## Try it
Beginning with the line that contains "- Les comptes", reproduce every line through the end of the records below exactly, and leave the pictures out.

>>>

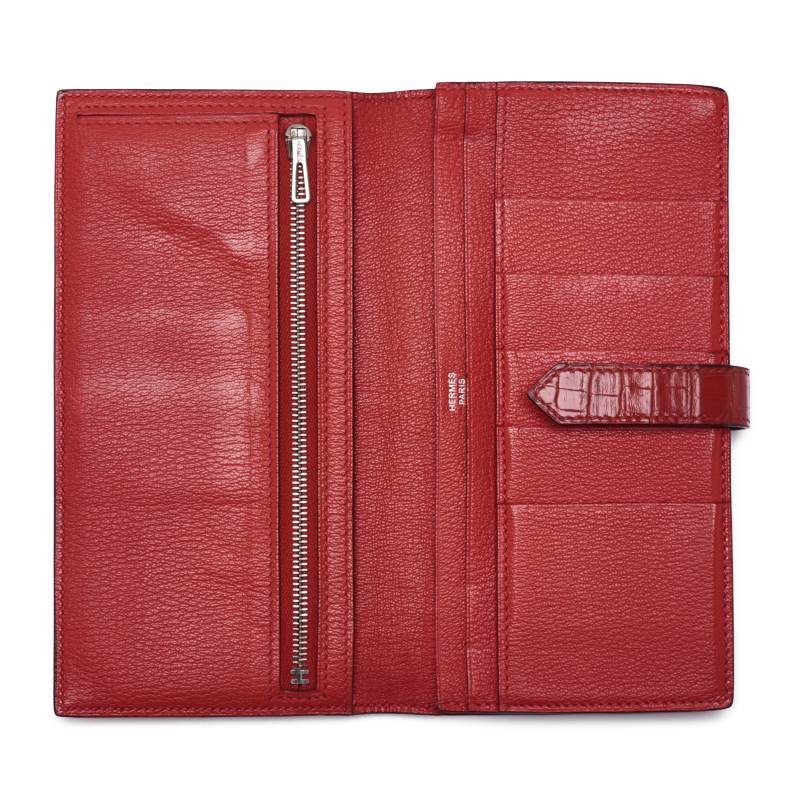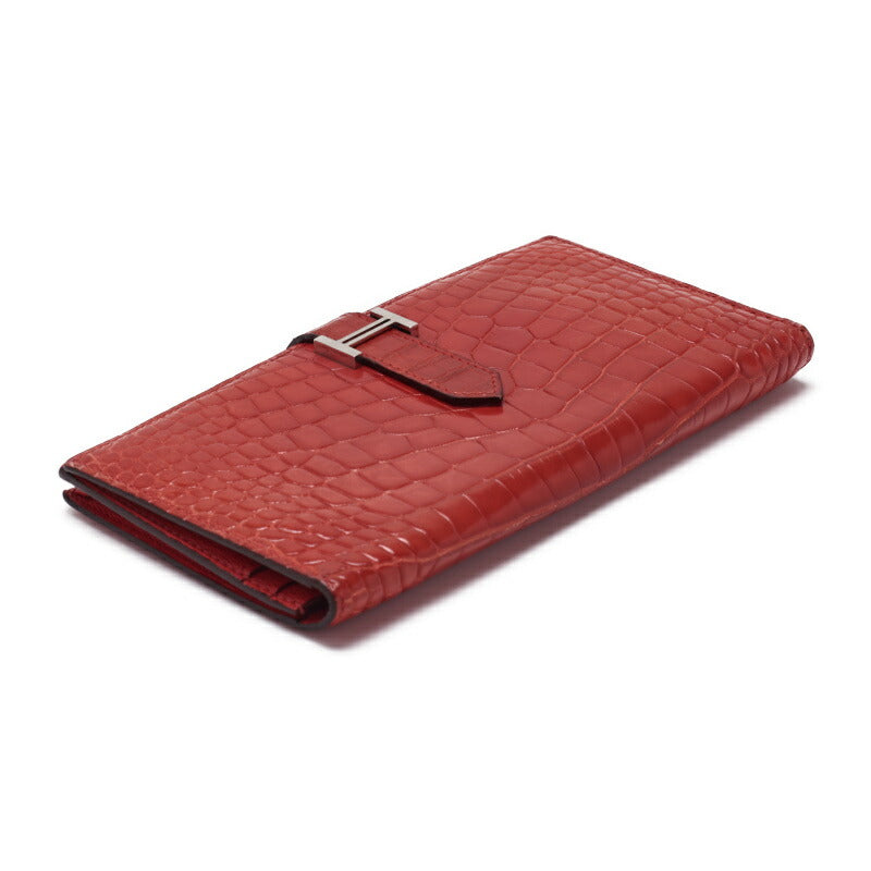 Indulge in the luxurious allure of the HERMES Hermes Bearn Soufflet 2 Fold Long Wallet. Crafted from sumptuous alligator leather in a striking Blaze Raise hue, this wallet is not just an accessory; it is a statement piece that embodies elegance and sophistication.
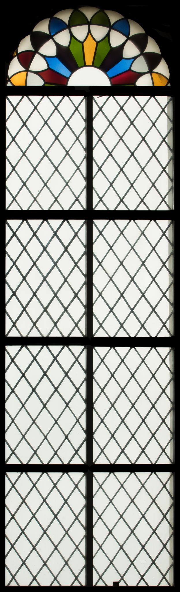 Verrière en plein cintre à losanges composée de verres blancs avec dans la partie supérieure une demi-fleur géométrique multicolore.
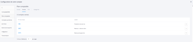 - Les comptes comptables de ventes sous l'onglet “Ventes”
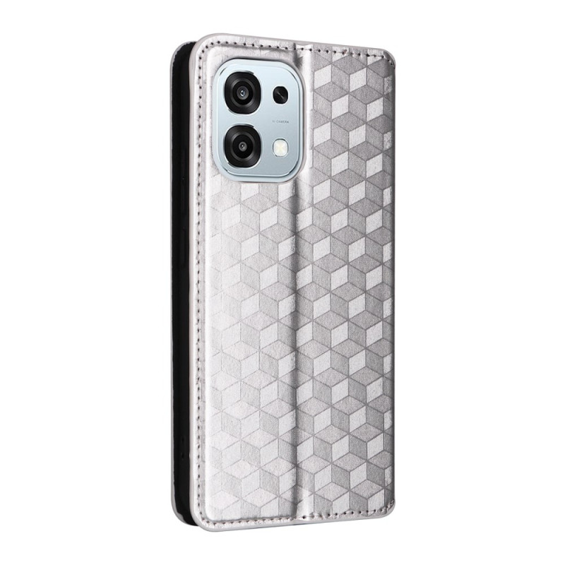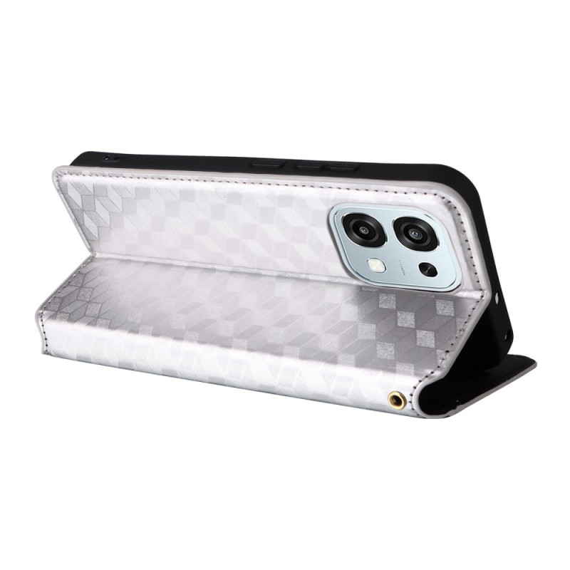 Capa de carteira elegante com padrão de diamante 3D para o seu Oppo A6 Pro 5G . Design funcional com 2 ranhuras para cartões, suporte de visualização ajustável e fecho magnético. Proteção total de 360° contra riscos e quedas.
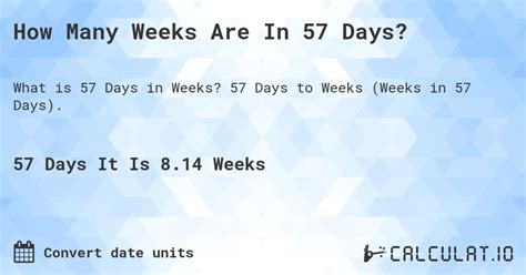 57 Days To Weeks. Web convert 57 days to weeks. 5 days to weeks = 0.7143:

<<<

## Result of this exercise
 - Les comptes comptables de ventes sous l'onglet “Ventes”
 Capa de carteira elegante com padrão de diamante 3D para o seu Oppo A6 Pro 5G . Design funcional com 2 ranhuras para cartões, suporte de visualização ajustável e fecho magnético. Proteção total de 360° contra riscos e quedas.
 57 Days To Weeks. Web convert 57 days to weeks. 5 days to weeks = 0.7143:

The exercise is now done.